» **Problem description**
Copy exactly the lines of the data below, beginning with the line with "Bebe Marka Lüx" and ending with the line with "Nikel mat LED". Pictures are to be omitted.

» **Information provided**
★ ★ ★ ★ ★ ★ ★

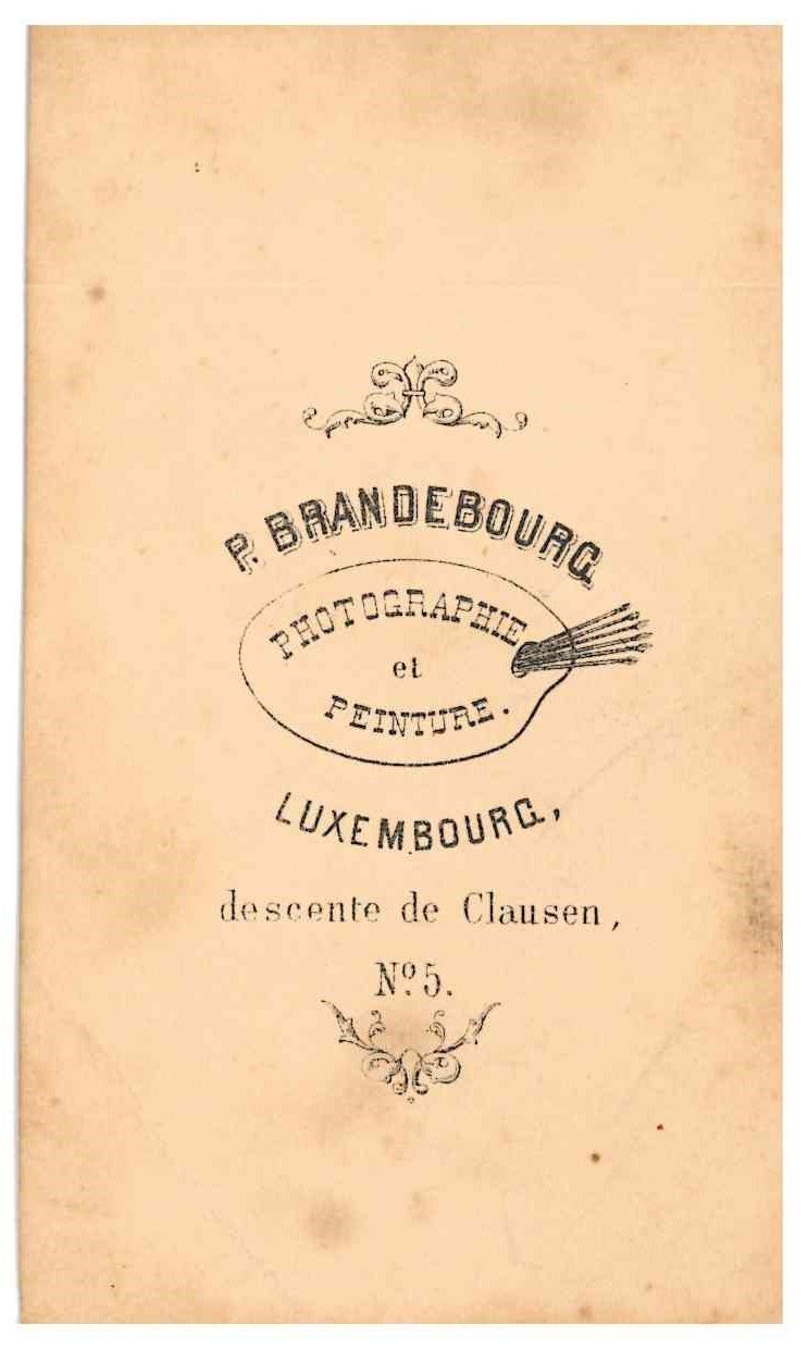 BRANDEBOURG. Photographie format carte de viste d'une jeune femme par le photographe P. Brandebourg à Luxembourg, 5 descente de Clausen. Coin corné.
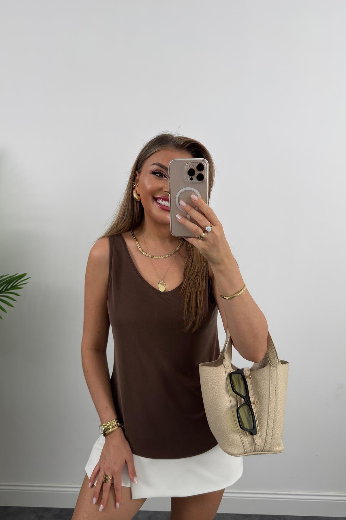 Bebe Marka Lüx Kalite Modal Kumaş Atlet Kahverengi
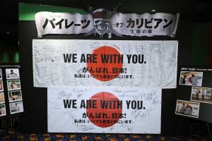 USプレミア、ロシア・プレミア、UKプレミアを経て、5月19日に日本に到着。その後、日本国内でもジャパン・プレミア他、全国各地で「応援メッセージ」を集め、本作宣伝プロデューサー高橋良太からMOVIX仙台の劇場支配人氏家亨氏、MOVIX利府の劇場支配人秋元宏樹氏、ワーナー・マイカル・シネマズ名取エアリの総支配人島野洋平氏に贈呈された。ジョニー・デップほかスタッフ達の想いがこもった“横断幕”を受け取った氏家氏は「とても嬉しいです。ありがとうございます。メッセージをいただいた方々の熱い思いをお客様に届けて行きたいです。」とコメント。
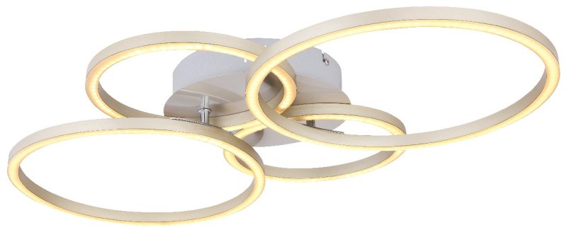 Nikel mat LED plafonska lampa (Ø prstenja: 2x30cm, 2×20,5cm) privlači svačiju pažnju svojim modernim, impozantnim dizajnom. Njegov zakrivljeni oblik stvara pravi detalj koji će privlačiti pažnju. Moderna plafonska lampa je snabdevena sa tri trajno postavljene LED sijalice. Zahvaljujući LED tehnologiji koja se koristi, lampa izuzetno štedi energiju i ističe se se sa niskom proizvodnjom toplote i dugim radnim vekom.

★ ★ ★ ★ ★ ★ ★

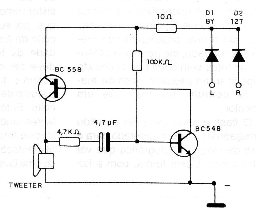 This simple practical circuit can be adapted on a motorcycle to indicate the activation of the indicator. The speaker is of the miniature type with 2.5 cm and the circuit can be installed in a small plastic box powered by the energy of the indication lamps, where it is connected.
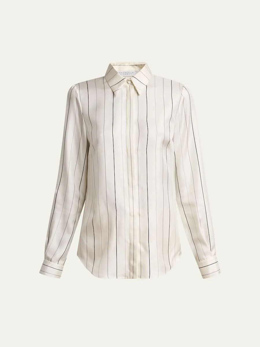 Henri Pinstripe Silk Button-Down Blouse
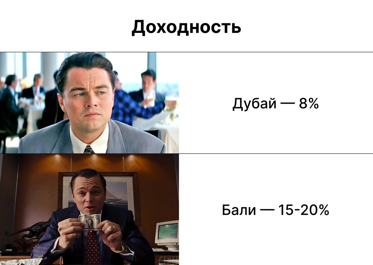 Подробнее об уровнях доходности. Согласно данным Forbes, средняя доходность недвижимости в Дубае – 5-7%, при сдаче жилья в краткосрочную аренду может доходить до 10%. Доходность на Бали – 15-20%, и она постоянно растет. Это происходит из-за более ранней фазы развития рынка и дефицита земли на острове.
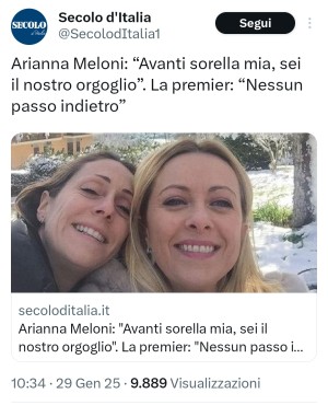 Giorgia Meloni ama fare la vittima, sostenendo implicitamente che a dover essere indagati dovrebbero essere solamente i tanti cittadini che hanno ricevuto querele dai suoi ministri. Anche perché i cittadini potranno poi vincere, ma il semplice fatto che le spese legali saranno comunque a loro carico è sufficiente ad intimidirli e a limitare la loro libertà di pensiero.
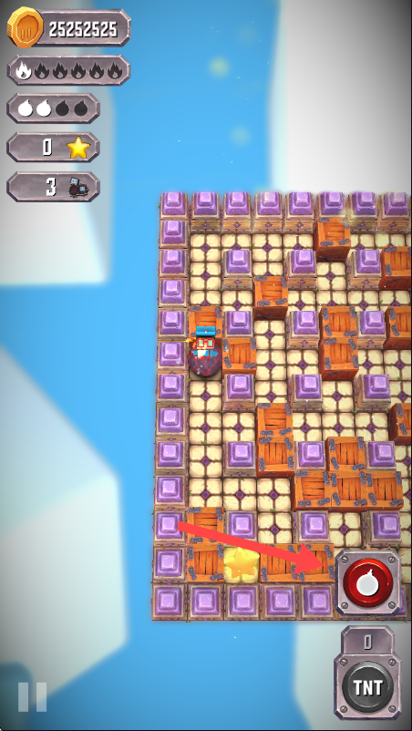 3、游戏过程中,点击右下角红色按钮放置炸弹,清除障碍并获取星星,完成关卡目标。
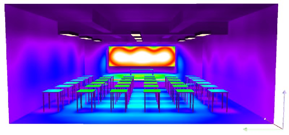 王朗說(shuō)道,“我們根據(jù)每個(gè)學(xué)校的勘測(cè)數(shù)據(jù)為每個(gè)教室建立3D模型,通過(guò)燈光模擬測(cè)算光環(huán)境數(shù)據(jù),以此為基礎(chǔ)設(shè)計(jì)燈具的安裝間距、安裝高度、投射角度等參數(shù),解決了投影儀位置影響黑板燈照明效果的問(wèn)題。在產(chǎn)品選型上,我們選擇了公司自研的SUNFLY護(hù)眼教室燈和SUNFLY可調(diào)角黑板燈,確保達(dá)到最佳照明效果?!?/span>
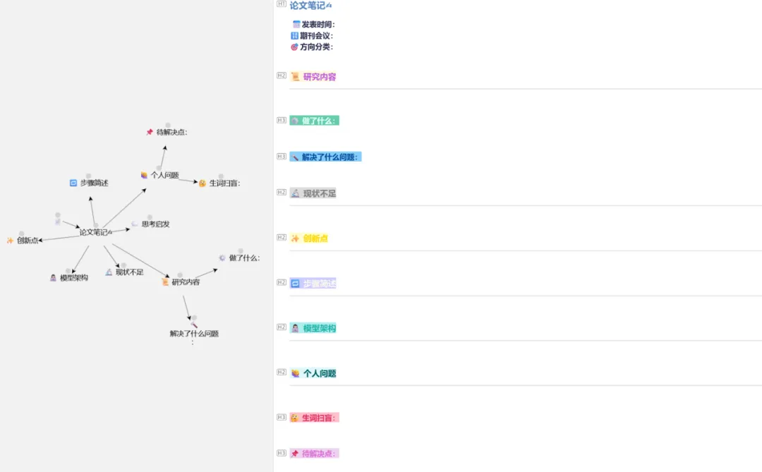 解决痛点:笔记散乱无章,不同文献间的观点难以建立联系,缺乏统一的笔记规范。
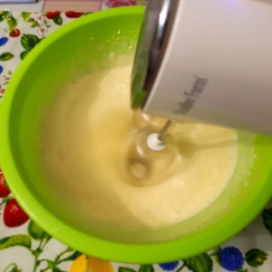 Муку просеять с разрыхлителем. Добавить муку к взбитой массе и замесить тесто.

★ ★ ★ ★ ★ ★ ★

» **Written response**
 Bebe Marka Lüx Kalite Modal Kumaş Atlet Kahverengi
 USプレミア、ロシア・プレミア、UKプレミアを経て、5月19日に日本に到着。その後、日本国内でもジャパン・プレミア他、全国各地で「応援メッセージ」を集め、本作宣伝プロデューサー高橋良太からMOVIX仙台の劇場支配人氏家亨氏、MOVIX利府の劇場支配人秋元宏樹氏、ワーナー・マイカル・シネマズ名取エアリの総支配人島野洋平氏に贈呈された。ジョニー・デップほかスタッフ達の想いがこもった“横断幕”を受け取った氏家氏は「とても嬉しいです。ありがとうございます。メッセージをいただいた方々の熱い思いをお客様に届けて行きたいです。」とコメント。
 Nikel mat LED plafonska lampa (Ø prstenja: 2x30cm, 2×20,5cm) privlači svačiju pažnju svojim modernim, impozantnim dizajnom. Njegov zakrivljeni oblik stvara pravi detalj koji će privlačiti pažnju. Moderna plafonska lampa je snabdevena sa tri trajno postavljene LED sijalice. Zahvaljujući LED tehnologiji koja se koristi, lampa izuzetno štedi energiju i ističe se se sa niskom proizvodnjom toplote i dugim radnim vekom.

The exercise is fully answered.